Assignment:
Starting at the line that contains "- Space Saving: Large", retype each line to the end of the listing below. Include both ends, but not the pictures.

Provided records:
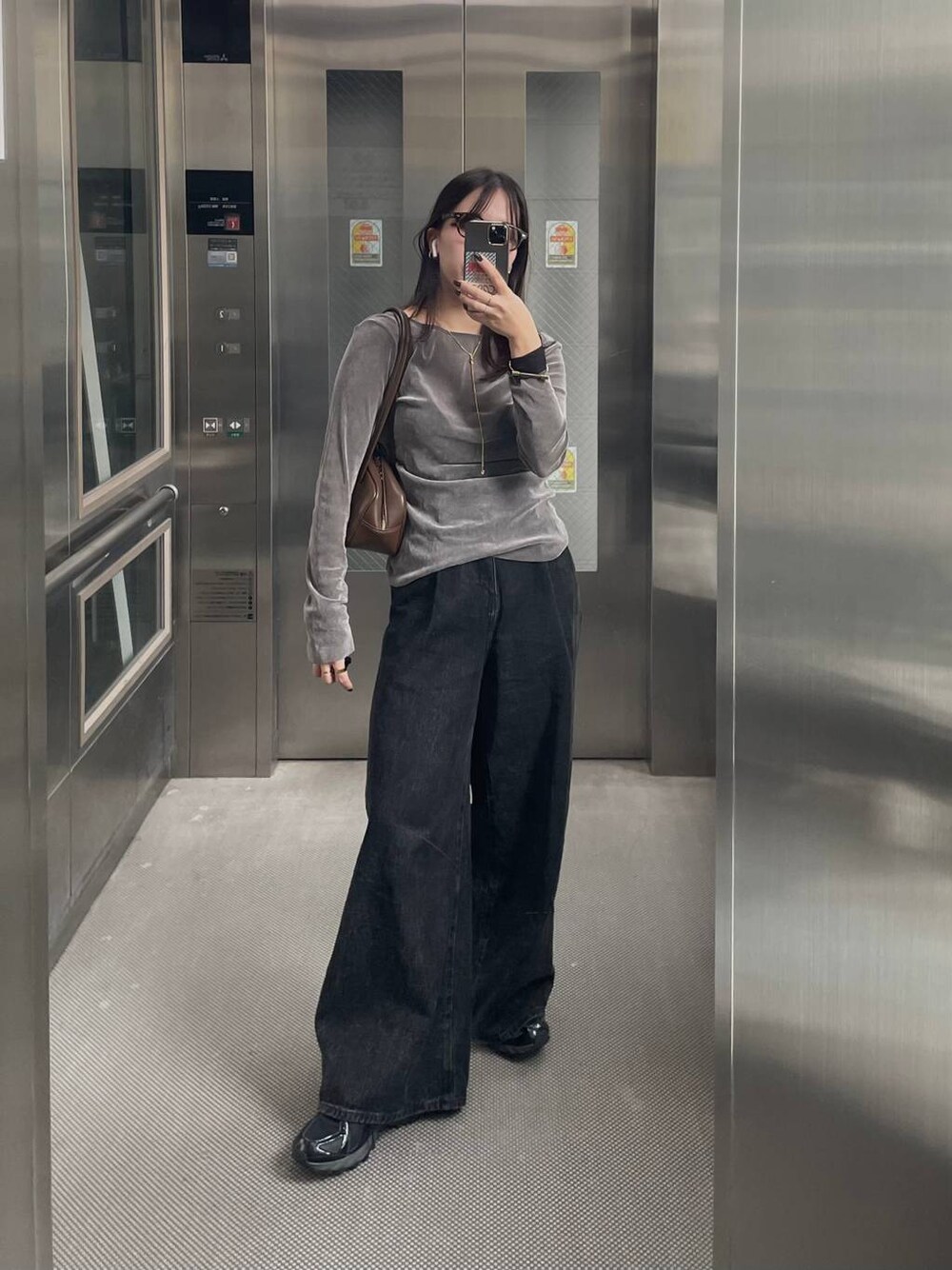 153cm/骨格ウェーブ ■トップス リアルバイのシアーベロア💖 こういうトップスは何枚あっても使える◎ 白とグレーを購入しました! 着痩せ力抜群です〜✨✨
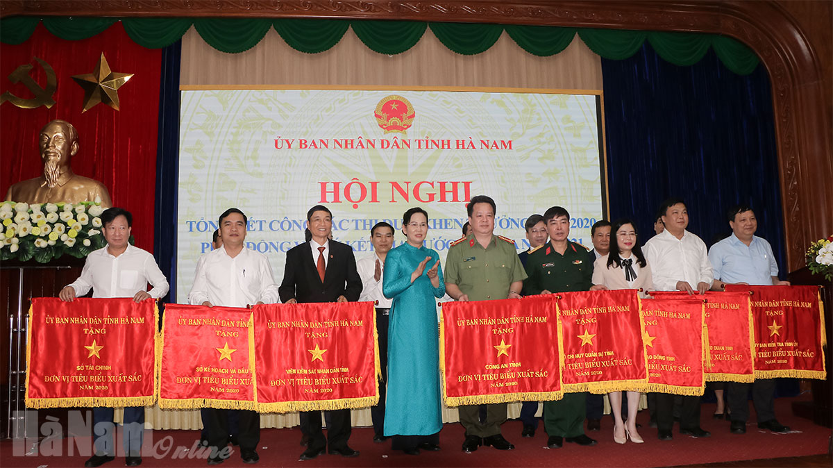 Đồng chí Lê Thị Thủy, Ủy viên Trung ương Đảng, Bí thư Tỉnh ủy, Trưởng đoàn ĐBQH tỉnh trao Cờ thi đua của UBND tỉnh cho các tập thể tiêu biểu xuất sắc trong phong trào thi đua yêu nước năm 2020.Đồng chí Lê Thị Thủy, Ủy viên Trung ương Đảng, Bí thư Tỉnh ủy, Trưởng đoàn ĐBQH tỉnh trao Bằng Khen của UBND tỉnh cho các cá nhân hoàn thành xuất sắc nhiệm vụ từ năm 2019 đến năm 2020.Đồng chí Trương Quốc Huy, Phó Bí thư Tỉnh ủy, Chủ tịch UBND tỉnh trao thưởng và tặng hoa chúc mừng các Khối thi đua đạt thành tích cao năm 2020.
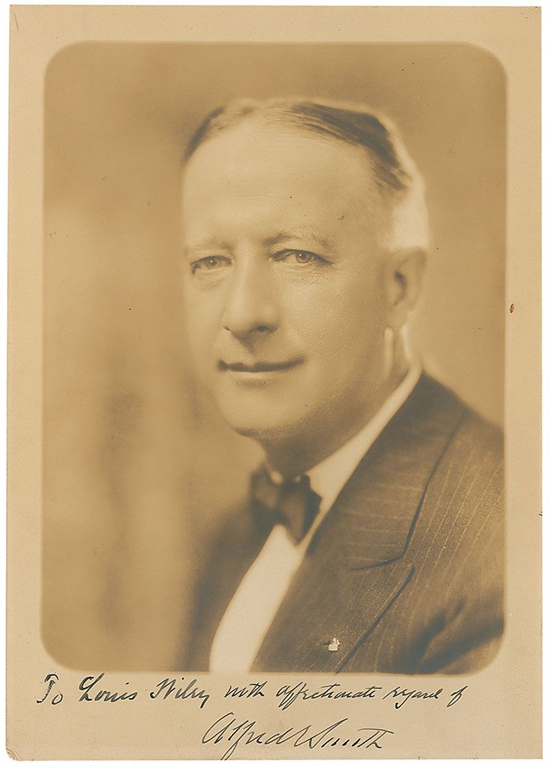 American politician (1873–1944) who served as Governor of New York and who was the unsuccessful Democratic presidential candidate in 1928. Vintage sepia matte-finish 8 x 11 portrait of Smith, signed and inscribed in the lower border in fountain pen, “To Louis Wilson, with affectionate regard of Alfred E. Smith.” Affixed to a same-size mount. Creases to the lower left corner tip, mild overall toning, surface ding to the right border, and silvering to dark areas of the image, otherwise fine condition.
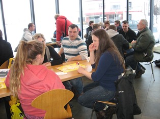 Miðvikudaginn 14. mars hittust um 50 manns í Bergi til að kynnast, spila og spjalla. Þetta voru nemendur á íslenskunámskeiðum Símeyjar ásamt kennurum sínum þeim Guðnýju Ólafs og Unni Hafstað. Þeim til aðstoðar mættu 10 Íslendingar og það var spjallað og spilað í klukkutíma. Þessi stund var einstaklega ánægjuleg og komu fram óskir um að þetta yrði endurtekið síðar. Dalvíkurskóli lánaði okkur spil og við viljum hér með þakka skólanum og öllum þeim sem aðstoðuðu okkur við að gera þetta mögulegt. Hér fyrir neðan má sjá myndir af samkomunni.
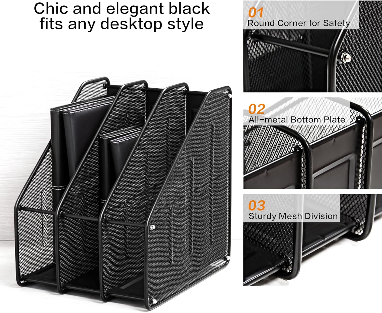 - Space Saving: Large capacity mesh magazine file holder having 3 compartments for organizing everything on your desktop, saving a lot space for daily work.
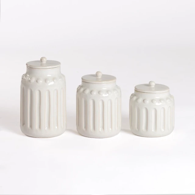 White Bubble Ceramic Canister, Set of 3

Task answer:
 - Space Saving: Large capacity mesh magazine file holder having 3 compartments for organizing everything on your desktop, saving a lot space for daily work.
 White Bubble Ceramic Canister, Set of 3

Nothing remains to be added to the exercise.